Hey ladies, it’s time to talk lady business! And you know what that means – this post is all about la las. Froo froos. Noonis! Blarf marfs. Jim jams. Budakhans. Ling lings. Tim tams. Flip flops. Mac Attacks.
So hey, what do you use to clean your bibimbop? Is it Femfresh, “the PH-balanced formula specially designed for intimate skin?” Then you’d better go “like” their Facebook page, where as we speak a social media disaster is happening. And it is wonderful.
I know I’ve ranted about douche before, but for those just joining us, here’s the deal: vaginas (*gasp*) are self-cleaning. You do not need to hose them down with vinegar or any other kind of douche. Nothing inside you needs cleaning and you can clean the exterior of your crotch with soap just like dudes can. Using douche internally can lead to infections, which can lead to serious problems like infertility. If there’s something wrong with your vagina, see a doctor. Douches are at best useless and worst harmful. This is why “douche” is the very best insult you can ever throw at someone.
Along comes Femfresh, and like all douches, Femfresh must sell you a useless product by playing on your insecurities about your own body. You just aren’t fresh without using Femfresh! They want you to put their vile concoction in your vagina, but saying the word “vagina” requires some level of comfort with your body’s natural state, and they can’t sell douche to someone like that. So instead they use cutesy, infantilizing euphemisms like “va jay jay, kitty, nooni, lala, froo froo!” “Expert care for down there.” Down where? My feet?
Happily, women have caught on to this bullshit and they’re not taking it lying down. Femfresh’s Facebook page is currently flooded with hilarious criticisms like these (from both men and women) (EDIT: the page has just been taken down. Ha! Here is a screenshot.):
Vaginas smell. Take your repressed, woman-hating consumerism elsewhere.
There are sadly parts of the world (including parts of the US) where women are punished, politically, emotionally or even physically for saying the word VAGINA in public. Do we really want to be encouraging young women in our society to be afraid to use the biologically correct name for a part of their body?
Don’t even get me started on the entire concept of Femfresh.
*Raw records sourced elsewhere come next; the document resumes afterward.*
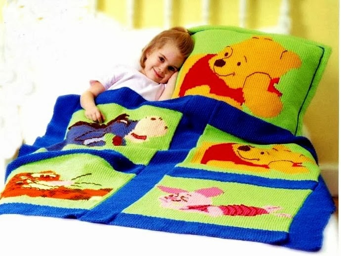 Olá, pessoal! Passeando pelos grupos de tricot no "Face", encontrei essa manta e capa de travesseiro infantil com desenhos da Disney.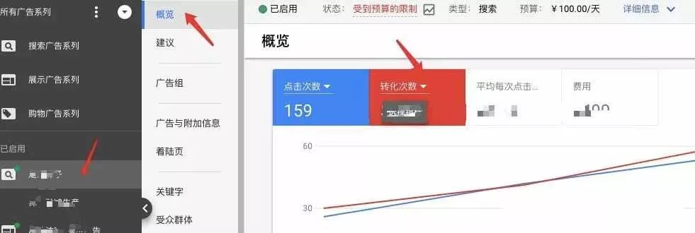 1)点击概览,可以看整个账号、某个广告系列或者某个具体广告组的转化次数或转化率。从而得出订单转化率,找出好成单的产品种类。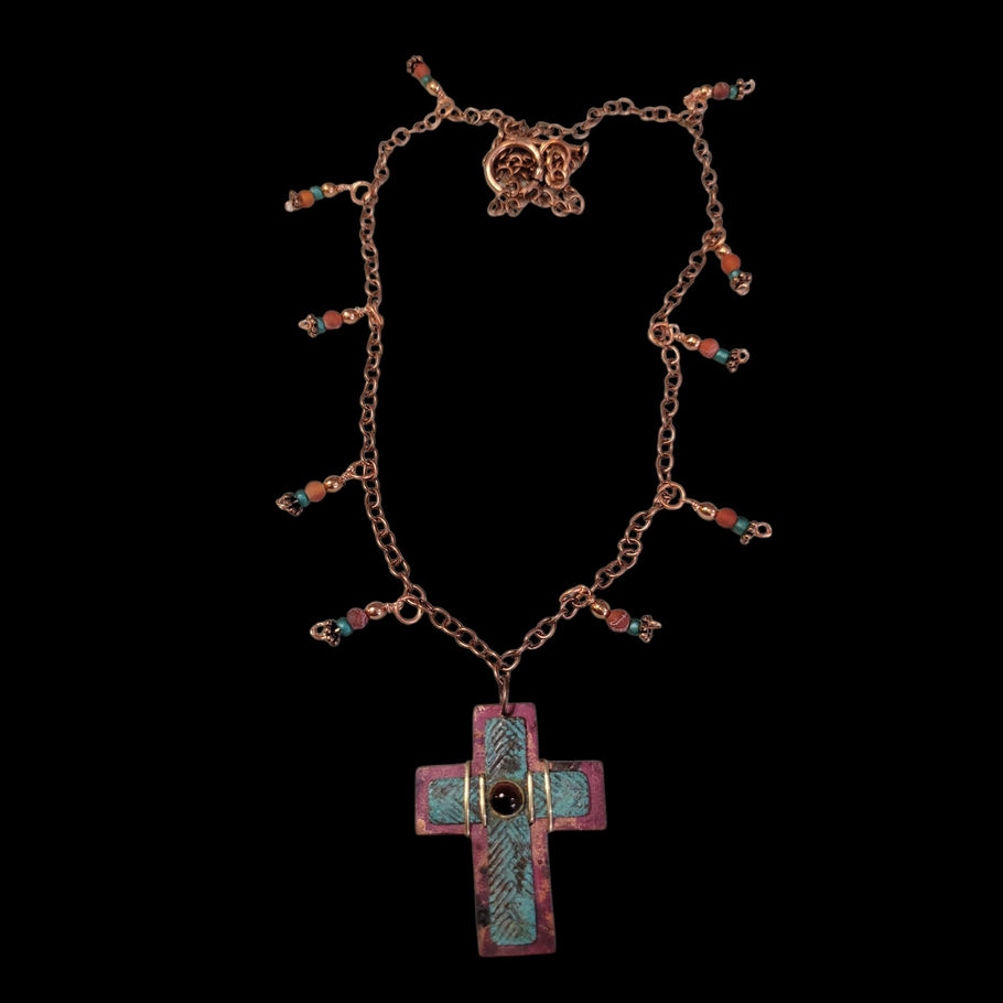 Green patina/copper cross ,, copper bead dangles, copper findings, chain and clasp necklace.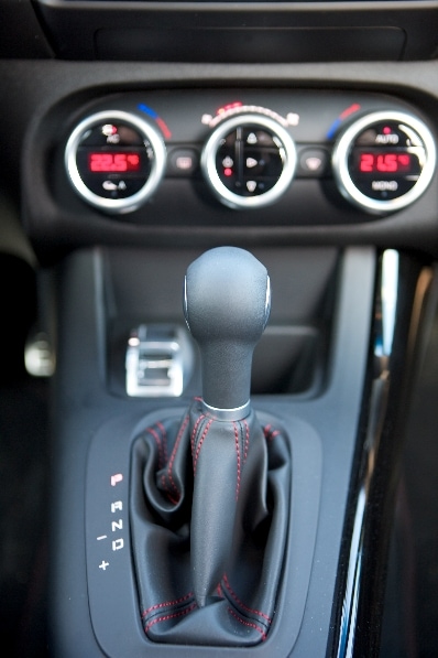 Avec cette boîte TCT, on note bien évidemment la présence d’un levier de sélection au plancher d’un genre un peu particulier, comportant deux grilles de sélection, automatique et séquentielle, ainsi que la présence de petites palettes solidaires du volant.

As another poster wrote, if you really do think you smell bad, see a GP!
I have a baby girl and a two year old boy and feel so much pressure to avoid using the proper words for their genitals but I would much rather they weren’t ashamed of their respective penis and vagina!
Hey Femfresh, how does it feel to have your entire target demographic think you’re idiots? Why don’t you redo this page and your entire ad campaign, to something sober and unobtrusive reflecting that creepy Lysol advert from the 60s that earnestly implies no matter how tasty your meatloaf is your husband will dump you because of your hideous odor and you oughta be douching with toilet cleaner? Perhaps that will better attract the sort of repressed, terrfied person who is neurotically obsessed with how their genitals smell
Femfresh lady shaming since the 70s!!!!
If my vagina was supposed to smell like a garden, there would be daisies growing out of it.
I’m pretty sure that “one of the kindest ways to care for your vagina” is untrue, and thus is a matter for Trading Standards or the Advertising Standards Agency. Also “expert care” is misleading as my undeerstanding is the majority of healthcare professionals would advise against such a product.
Is this product aimed at children, or should I have a nooni too? I’m pretty certain I only have the standard issue vulva + vagina set at present. They work fine, but do I need to get hold of a froo froo lala in order to use the femfresh properly? If so, can I order one online? Please advise.
In perhaps my favorite thread, Tony Rudd steps in apparently acting officially on behalf of Femfresh, and writes:
We’re taking your comments and can assure you that all will be seriously looked at. Posts like this one will no longer appear as we misjudged our customers
He includes a screenshot of a Femfresh posting that reads
Hands up who’s proud of their pom pom? ‘Like’ this post if your hands are high!
To which people respond:
If your vagina looks like a POM POM, seek medical attention.
Just out of interest, what’s the gender breakdown of the marketing team that came up with this gigantic wibbling pile of scrotum?
And how old is your target market?
Have you actually got a target market, or did you just make them up to suit your product?